China Ends Solar Panel Export Tax Rebates: A New Era for Global PV Competition
China Ends Solar Panel Export Tax Rebates: A New Era for Global PV Competition
On January 9, 2026, China announced the full abolition of VAT export tax rebates for solar panels starting April 1, 2026, following a 2024 cut from 13% to 9%. This marks a key shift from policy support to market-driven competition in China’s PV sector, covering core products like solar cells and modules.
Industry estimates show the 9% rebate removal will raise export costs by ~0.8 cents per watt, squeezing short-term margins amid global supply gluts.

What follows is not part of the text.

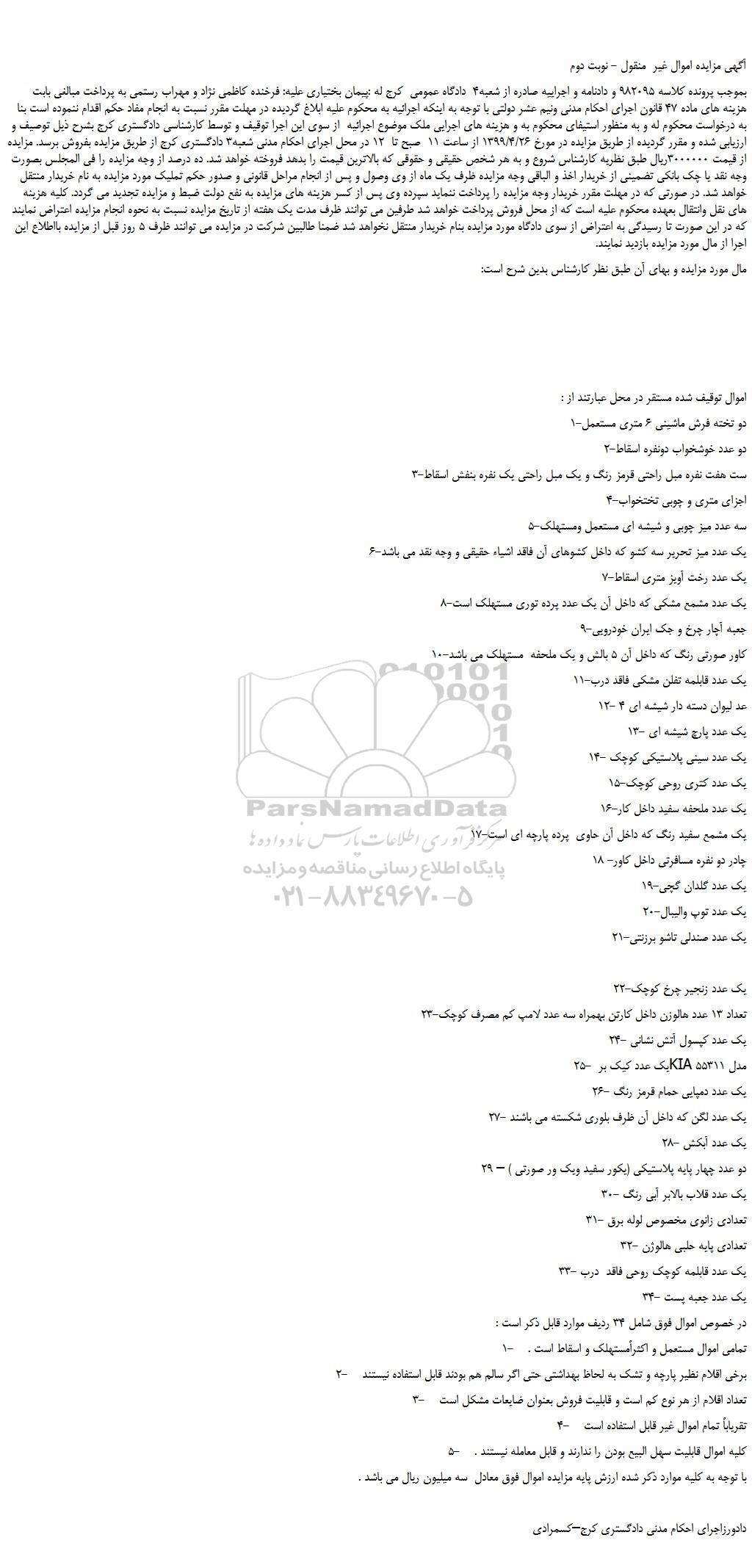 بموجب پرونده کلاسه 982095 و دادنامه و اجراییه صادره از شعبه4  دادگاه عمومی  کرج له :پیمان بختیاری علیه: فرخنده کاظمی نژاد و مهراب رستمی به پرداخت مبالغی بابت هزینه های ماده 47 قانون اجرای احکام مدنی ونیم عشر دولتی با توجه به اینکه اجرائیه به محکوم علیه ابلاغ گردیده در مهلت مقرر نسبت به انجام مفاد حکم اقدام ننموده است بنا به درخواست محکوم له و به منظور استیفای محکوم به و هزینه های اجرایی ملک موضوع اجرائیه  از سوی این اجرا توقیف و توسط کارشناسی دادگستری کرج بشرح ذیل توصیف و ارزیابی شده و مقرر گردیده از طریق مزایده در مورخ 1399/4/26 از ساعت 11  صبح تا  12 در محل اجرای احکام مدنی شعبه3 دادگستری کرج از طریق مزایده بفروش برسد. مزایده از قیمت 3000000ریال طبق نظریه کارشناس شروع و به هر شخص حقیقی و حقوقی که بالاترین قیمت را بدهد فروخته خواهد شد. ده درصد از وجه مزایده را فی المجلس بصورت وجه نقد یا چک بانکی تضمینی از خریدار اخذ و الباقی وجه مزایده ظرف یک ماه از وی وصول و پس از انجام مراحل قانونی و صدور حکم تملیک مورد مزایده به نام خریدار منتقل خواهد شد. در صورتی که در مهلت مقرر خریدار وجه مزایده را پرداخت ننماید سپرده وی پس از کسر هزینه های مزایده به نفع دولت ضبط و مزایده تجدید می گردد. کلیه هزینه های نقل وانتقال بعهده محکوم علیه است که از محل فروش پرداخت خواهد شد طرفین می توانند ظرف مدت یک هفته از تاریخ مزایده نسبت به نحوه انجام مزایده اعتراض نمایند که در این صورت تا رسیدگی به اعتراض از سوی دادگاه مورد مزایده بنام خریدار منتقل نخواهد شد ضمنا طالبین شرکت در مزایده می توانند ظرف 5 روز قبل از مزایده بااطلاع این اجرا از مال مورد مزایده بازدید نمایند.

The three-month transition period has spurred a rush to export, with some factories boosting output before the deadline, though leaders like Canadian Solar adopt a prudent, long-term stance.
The policy aims to curb price wars and drive quality upgrades. For years, tax rebates fueled cut-throat competition and trade frictions, while China’s PV giants faced 2025 losses. Experts hail the move as necessary to phase out inefficient capacity, favoring firms with tech and brand strength.
Enterprises are now shifting to high-efficiency products and global localization, using hubs like Hungary and the UAE to offset costs. While short-term consolidation is inevitable, the policy paves the way for rational global pricing and reduced tensions, signaling a mature, sustainable Chinese PV supply chain.